Kesakitan, keadaan penyakit:
akut, kronik, ringan, sedang, berat dan pada kasus fraktur biasanya akut.
Tanda-tanda vital tidak normal
karena ada gangguan baik fungsi maupun bentuk.
2. Secara sistemik dari
kepala sampai kelamin
Sistem Integumen
Terdapat
erytema, suhu sekitar daerah trauma meningkat, bengkak, oedema, nyeri tekan.
Kepala
Tidak ada
gangguan yaitu, normo cephalik, simetris, tidak ada penonjolan, tidak ada nyeri
kepala.
Leher
Tidak ada
gangguan yaitu simetris, tidak ada penonjolan, reflek menelan ada.
Muka
Wajah terlihat menahan sakit, lain-lain tidak ada perubahan fungsi maupun
bentuk. Tak ada lesi, simetris, tak oedema.
Mata
Tidak ada gangguan seperti konjungtiva tidak anemis (karena tidak terjadi
perdarahan)
Telinga
Tes bisik atau weber masih dalam keadaan normal. Tidak ada lesi atau nyeri tekan.
Hidung
Tidak ada
deformitas, tak ada pernafasan cuping hidung.
Mulut dan Faring
Tak ada
pembesaran tonsil, gusi tidak terjadi perdarahan, mukosa mulut tidak pucat.
Thoraks
Tak ada
pergerakan otot intercostae, gerakan dada simetris.
Paru
v Inspeksi : Pernafasan meningkat, reguler atau tidaknya tergantung pada riwayat penyakit klien yang berhubungan dengan paru.
v Palpasi :
Pergerakan sama atau simetris, fermitus
raba sama.
v Perkusi :
Suara ketok sonor, tak ada erdup atau suara tambahan lainnya.
v Auskultasi :
Suara nafas normal, tak ada wheezing, atau suara
tambahan lainnya seperti stridor dan ronchi.
Jantung
v Inspeksi :
Tidak tampak iktus jantung.
v Palpasi :
Nadi meningkat, iktus tidak teraba.
v Auskultasi :
Suara S1 dan S2 tunggal, tak ada mur-mur.
Abdomen
v Inspeksi : Bentuk datar, simetris, tidak ada hernia.

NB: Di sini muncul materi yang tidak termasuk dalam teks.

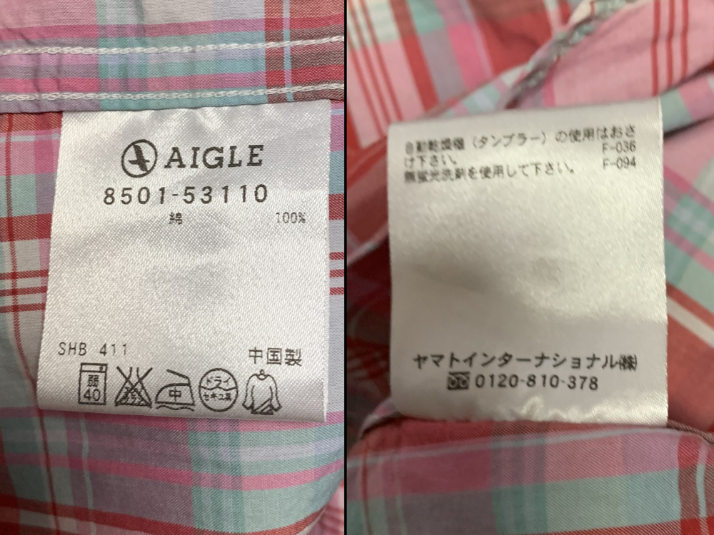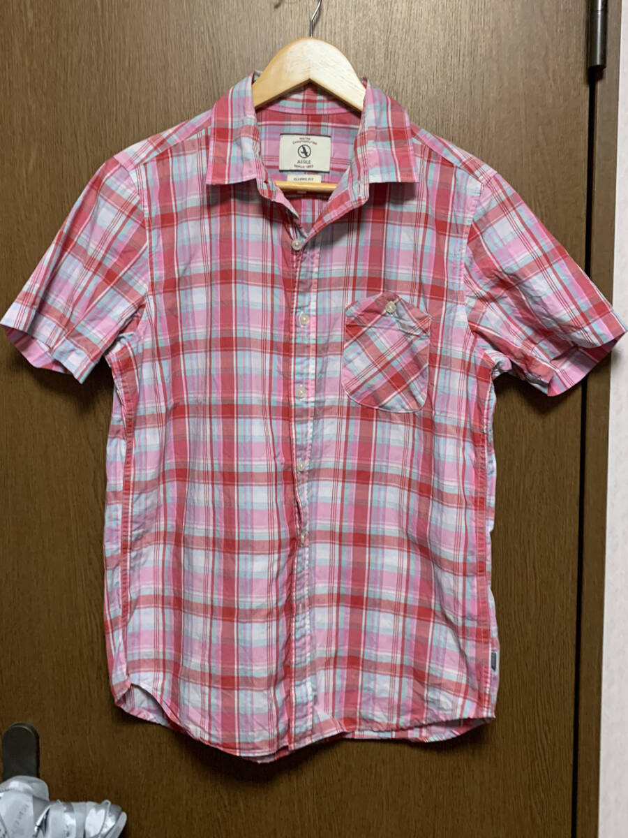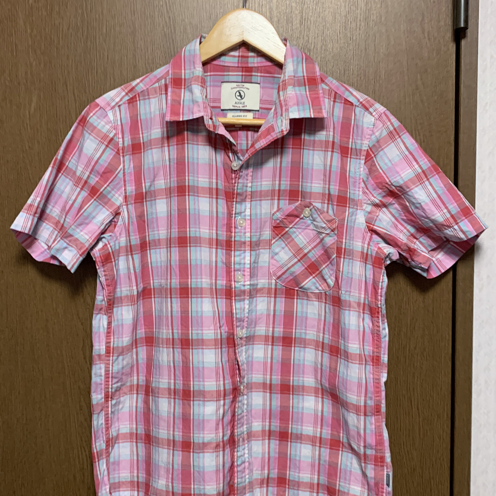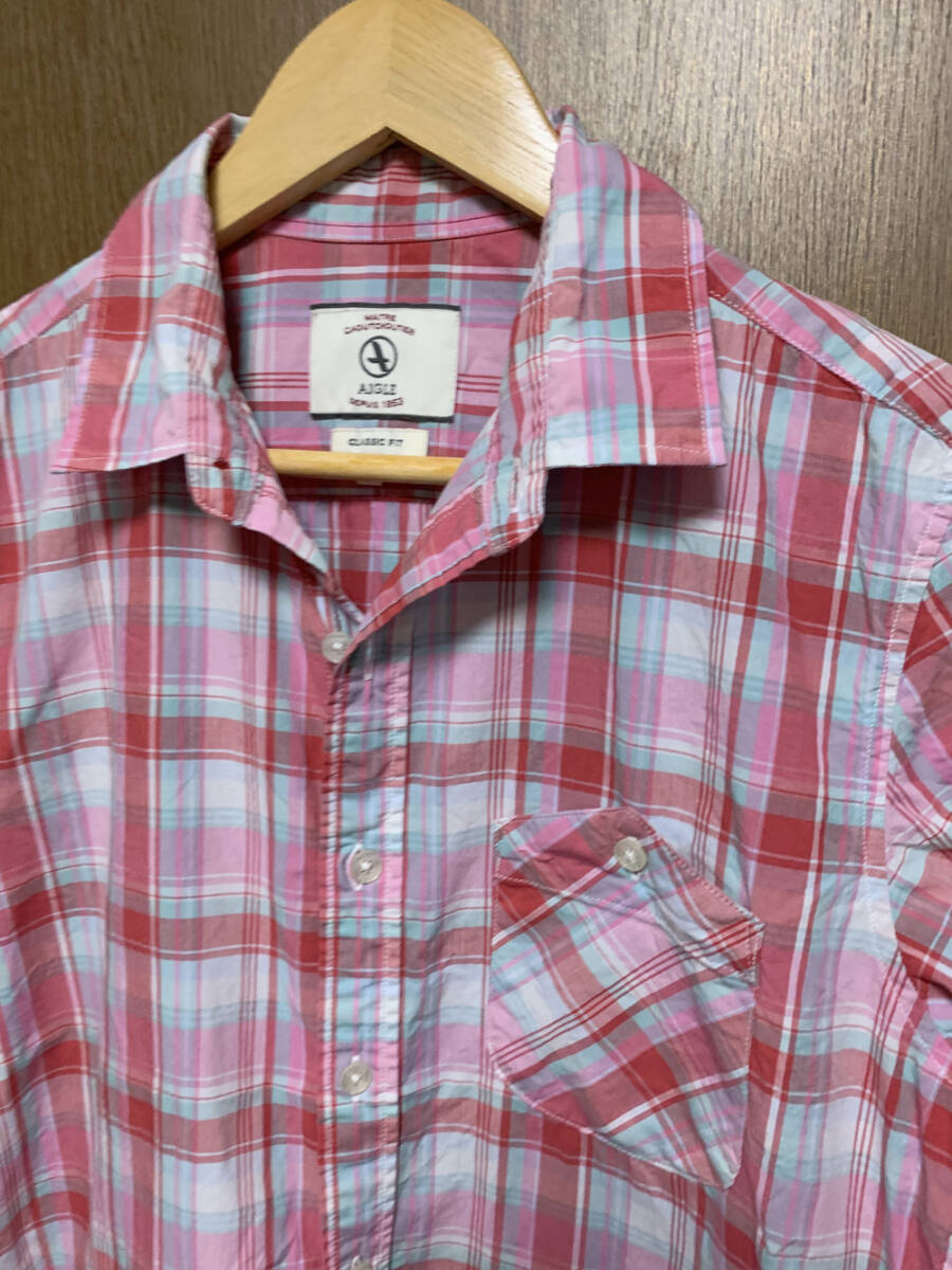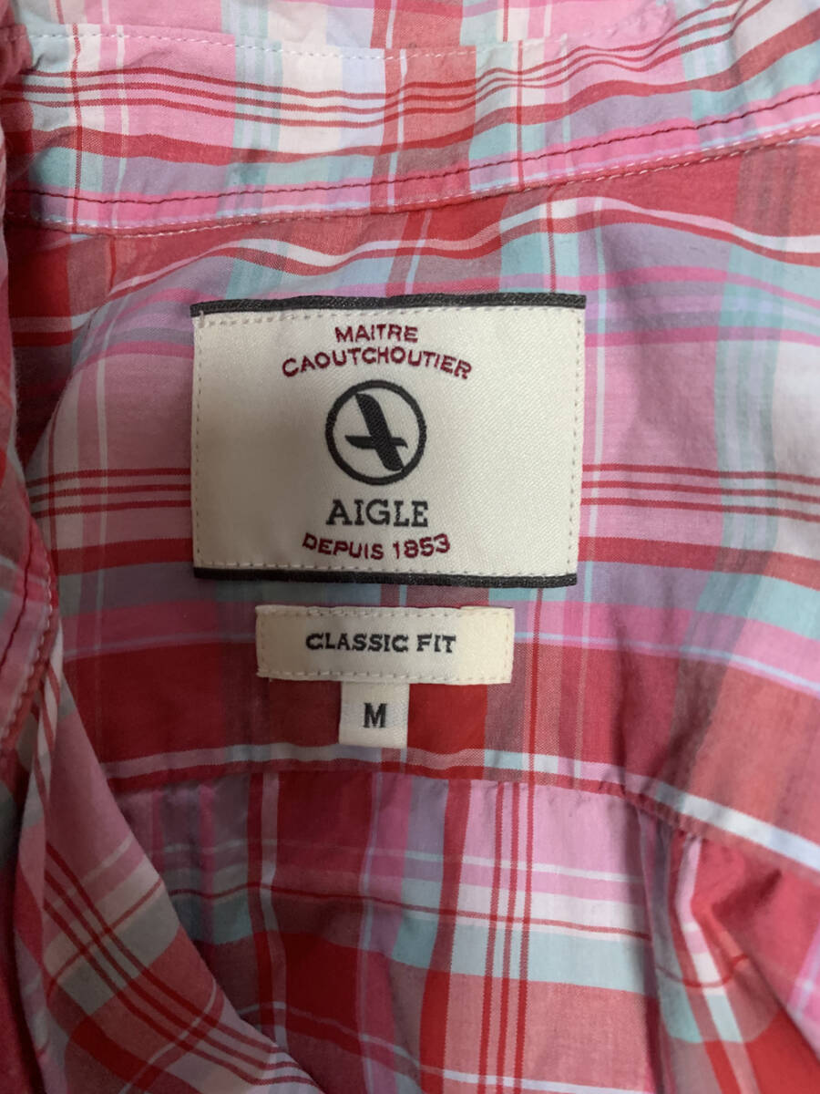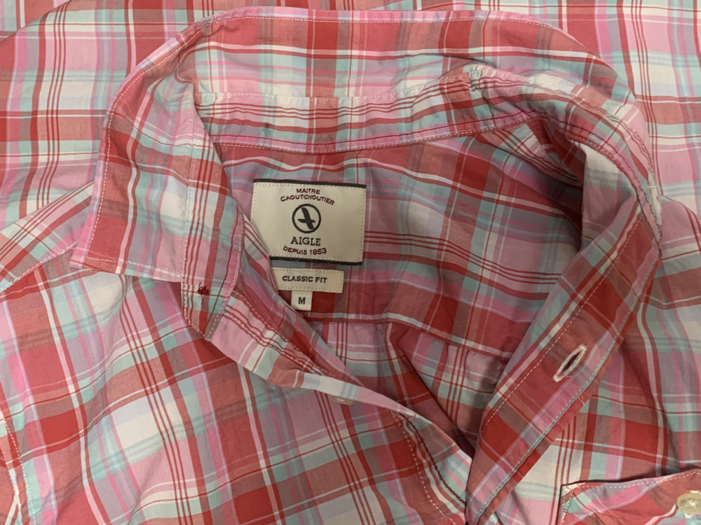 M AIGLE|エーグル 半袖シャツ ピンク~レッド系チェック柄 アウトドア

v Palpasi : Tugor baik, tidak ada defands muskuler, hepar tidak teraba.
v Perkusi : Suara thympani, ada
pantulan gelombang cairan.
v Auskultasi : Peristaltik usus normal ± 20 kali/menit.
Inguinal-Genetalia-Anus
Tak ada
hernia, tak ada pembesaran lymphe, tak ada kesulitan BAB.
Keadaan Lokal
Harus
diperhitungkan keadaan proksimal serta bagian distal terutama mengenai status
neurovaskuler. Pemeriksaan pada sistem muskuloskeletal adalah:
Look (inspeksi)
Perhatikan apa yang dapat dilihat
antara lain:
Cictriks (jaringan parut baik
yang alami maupun buatan seperti bekas operasi).
Cape au lait spot (birth mark).
Fistulae
Warna kemerahan atau kebiruan
(livide) atau hyperpigmentasi.
Benjolan, pembengkakan, atau
cekungan dengan hal-hal yang tidak biasa (abnormal).
Posisi dan bentuk dari
ekstrimitas (deformitas)
Posisi jalan (gait, waktu masuk
ke kamar periksa)
Feel (palpasi)
Pada waktu akan
palpasi, terlebih dahulu posisi penderita diperbaiki mulai dari posisi netral
(posisi anatomi). Pada dasarnya ini merupakan pemeriksaan yang memberikan
informasi dua arah, baik pemeriksa maupun klien.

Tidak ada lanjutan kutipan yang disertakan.